I tried to find the integral
$$I=\int_0^{\infty} \frac{\log x }{(x-1)\sqrt{x}}dx \tag1$$
I substituted $x=t^2, 2tdt=dx$ and chose $\log x$ and $\sqrt{x}$ to be principal values. We have
$$\int_0^{\infty} \frac{\log x}{(x-1)\sqrt{x}}dx=2 \int_0^{\infty} \frac{\log t^2}{(t^2-1)}dt \tag2$$
Then because it is an even function
$$2 \int_0^{\infty} \frac{\log t^2}{(t^2-1)}dt=2 \int_{-\infty}^{\infty} \frac{\log t}{(t^2-1)}dt \tag3$$
In the complex plane $z=1$ is a removable singularity of this function and $z=-1$ is a pole. So I chose the contour
$$\oint_\gamma = \int_{-R}^{-1-r}+ \int_{C_1}+\int_{-1+r}^{R}+\int_{C_2}=0 \tag4$$
where $C_1$ is a semi-circle $z=-1+r e^{i\phi}, \pi \ge \phi \ge 0$ and $C_2$ a semi-circle $z=R e^{i\phi}, 0 \le \phi \le \pi$. In the limit $R\to\infty, r\to 0$ the integral on $C_2$ is $0$ and $\int_{-R}^{-1-r}+\int_{-1+r}^{R}=\int_{-\infty}^{\infty}$ so we need to find
$$\lim_{r\to0} \int_{C_1} \frac{\log z}{(z^2-1)}dz = 0 \tag5$$
So $I$ should be zero. But if we compare with this question, we see it isn't. Where is my mistake?

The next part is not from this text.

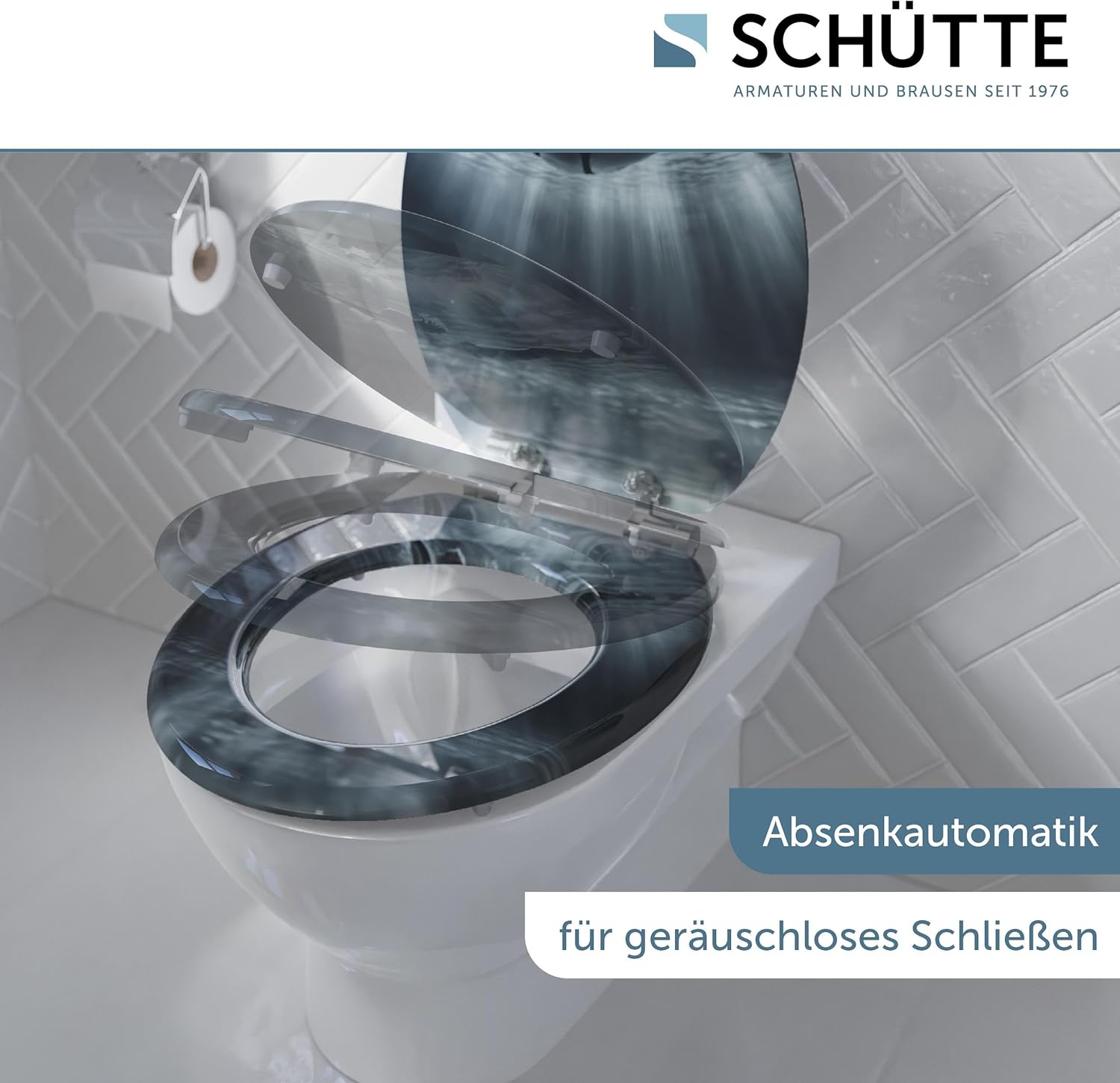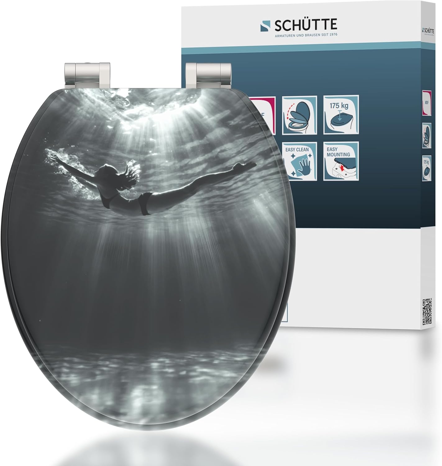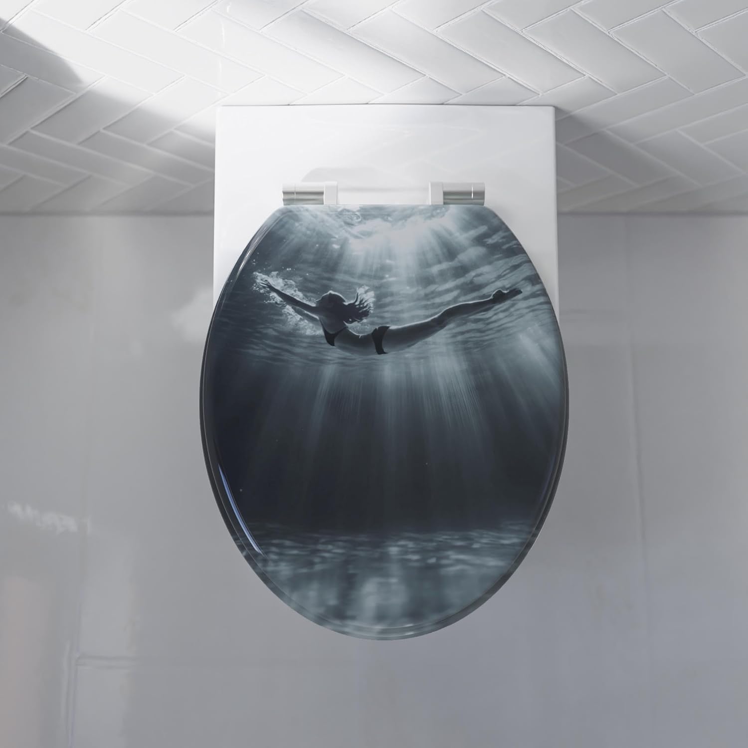 Тоалетна чиния SCHÜTTE Dive с механизъм за плавно затваряне, изработена от дърво, тоалетна чиния с капак, капак за тоалетна чиния с дървена сърцевина и мотив (максимално натоварване на тоалетната чиния 175 кг) цветна

EDIT 2: For clarity, I will compile all my corrections as an answer. Thanks to everyone who helped in the comments (and the other answers, too, of course)!
Best Answer
The integrand is always positive except at $x=1$, where it is not defined. Hence, the integral cannot be zero. Below is an easy way to obtain the answer. $$I = \int_0^{\infty} \dfrac{\ln(x)}{(x-1)\sqrt{x}}dx = \int_0^1 \dfrac{\ln(x)}{(x-1)\sqrt{x}}dx + \int_1^{\infty} \dfrac{\ln(x)}{(x-1)\sqrt{x}}dx$$ $$\int_1^{\infty} \dfrac{\ln(x)}{(x-1)\sqrt{x}}dx = \int_1^0 \dfrac{\ln(1/x)}{(1/x-1)1/\sqrt{x}} \dfrac{-dx}{x^2} = \int_0^1 \dfrac{\ln(x)}{(x-1)\sqrt{x}}dx$$ Hence, $$I = 2\int_0^1 \dfrac{\ln(x)}{(x-1)\sqrt{x}}dx = -2 \sum_{n=0}^{\infty} \int_0^1 x^{n-1/2}\ln(x)dx = 2 \sum_{n=0}^{\infty} \dfrac1{(n+1/2)^2} = 8 \sum_{n=0}^{\infty}\dfrac1{(2n+1)^2}$$ Hence, $$I = \pi^2$$